The Department for Environment, Food and Rural Affairs has defended its private finance programme for waste disposal, saying that councils are better protected from risk.

'Once you've got the money, you still want to make sure that you're spending it on an asset that will work,' Ben Prynn, head of Defra's waste infrastructure delivery programme told Public Finance.

'In private financing, the banks take a lot of responsibility through their due diligence processes, so it's not an easy ride [for a council] to borrow the money directly as it's incumbent on them then to do all the due diligence work.'

Prynn said that although the department was open to the idea of local authorities financing waste disposal and recycling developments through direct borrowing – for example from the Public Loans Works Board – it was wary about hidden costs.

'We're encouraging local authorities not to underestimate the challenges,' he said. 'Banks actually do it for a living, so they are professional about it.'

Prynn said that although he supported private financing, Defra had 'taken the point' of criticisms that its procurement strategy had perversely favoured the same landfill operators that it was trying to supplant with greener recycling methods of waste disposal. The criteria for assessing applications for PFI credits from Defra had now been changed, he said.

Rather than emphasising contract integration, there was now an emphasis on 'not overintegrating'. Prynn added: 'You often find landfill provision in a particular area is very much under the control of one company, so if you put landfill into the mix, that company has a very strong bidding position.

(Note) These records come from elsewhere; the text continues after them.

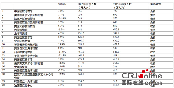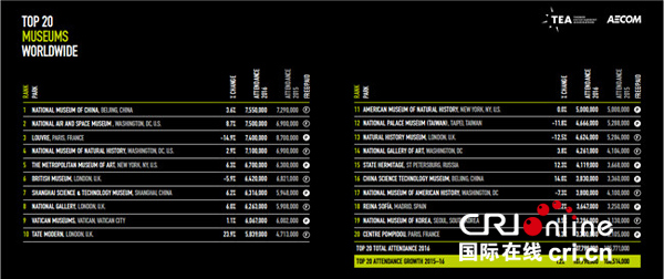 《TEA AECOM主題公園指數和博物館指數》公布2016年全球20大人氣博物館(中國國家博物館供圖)
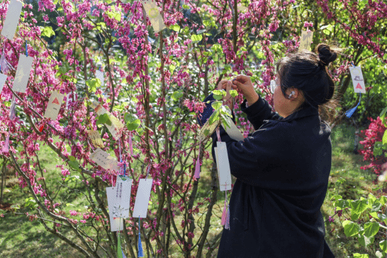 “一张书签寄哀思,缅怀英烈不朽功绩。”在烈士墓旁的小径上,员工们领取陵园提供的特色书签,写下对革命烈士们的寄语,悬挂在径边树梢上,形成一道独特的风景。同学们纷纷表示,采用书签寄语的方式追忆革命先驱,不仅形式新颖,而且还大家搭建了直接表达情感的平台。
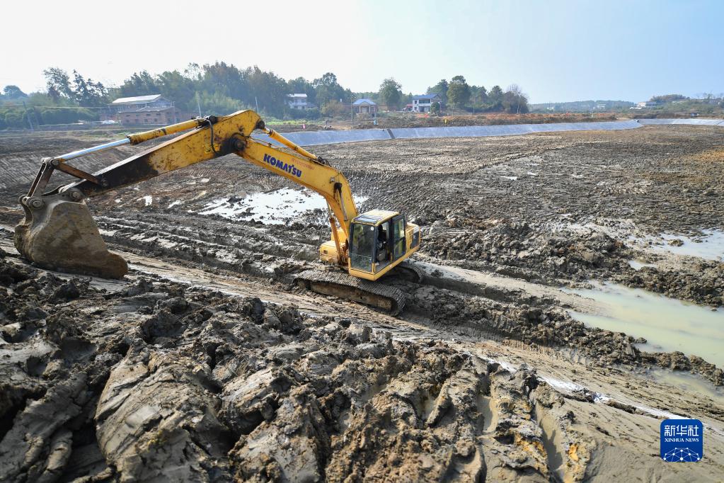 工人在湖南省湘潭市湘鄉市泉塘鎮雙江村使用機械修建用于農田灌溉的蓄水塘(11月17日攝)。
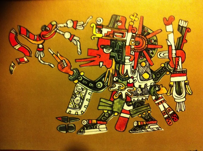 Huitzilopochtli fue el dios de la guerra de los aztecas, su patrono e inspiración en la conquista de casi toda Mesoamérica durante el periodo Posclásico. Huitzilopochtli significa ?colibrí zurdo? o ?colibrí del sur?. También se le nombraba como Ilhuícatl Xoxouhqui, es decir, ?cielo azul? y Tlacahuepan cuexcotzin. Para los aztecas era el dios de los combates y del Estado, su patrono e inspiración en la conquista de casi toda Mesoamérica durante el periodo Posclásico.
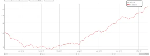 Súčasný trend rastu ceny Bitcoinu nespôsobil len nárast presunu mincí, ale aj počet aktívnych peňaženiek. Kým koncom januára tohto roka bolo aktívnych len 570 tisíc peňaženiek, tak aktuálne od začiatku mesiaca je to už viac ako 800 tisíc. Dokonca 3. 7. 2019 bolo aktívnych až 853 tisíc.
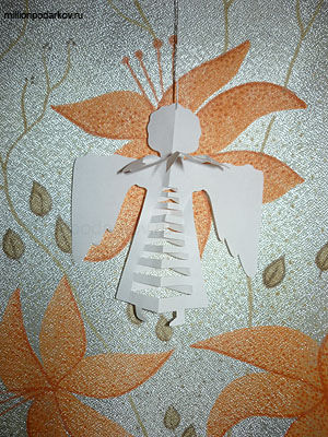 На ёлку можно изготовить поделки из бумаги и ниток. Нитка нужна будет, чтобы подвесить бумажное украшение "Трубящий ангел".
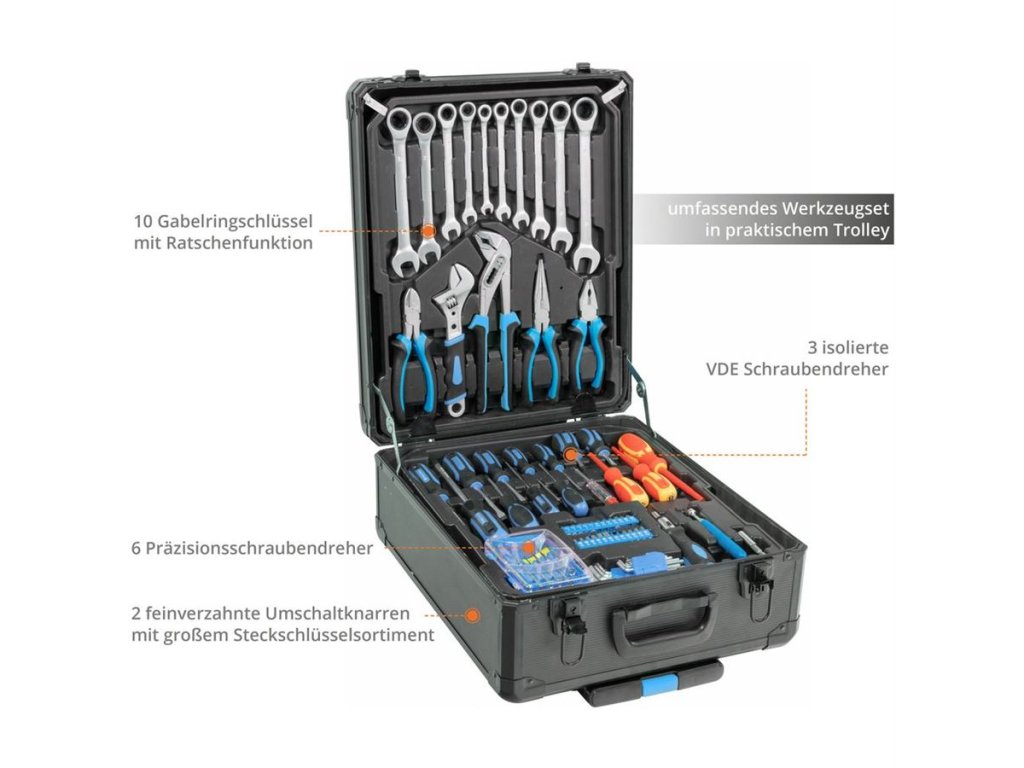Praktický, mobilní vozík na nářadí s působivou 500dílnou výbavou široké škály šroubováků, ráčnových a nástrčných klíčů, různých kleští a kombinovaných ráčnových klíčů až po bitový šroubovák s ráčnovou funkcí a odpovídající sortiment bitů.

'But… you can always procure landfill on its own and then separately procure what will be the substitute for landfill.'

Eight out of 14 local authority waste processing schemes currently in procurement are under the Private Finance Initiative. Prynn admitted that, with all councils racing to meet the same European Union landfill reduction targets by 2010 and 2013, there was a risk that suppliers could still command a high price for providing finance and technology.

But less integrated contracts would help make the market more competitive by opening it to new bidders, he said.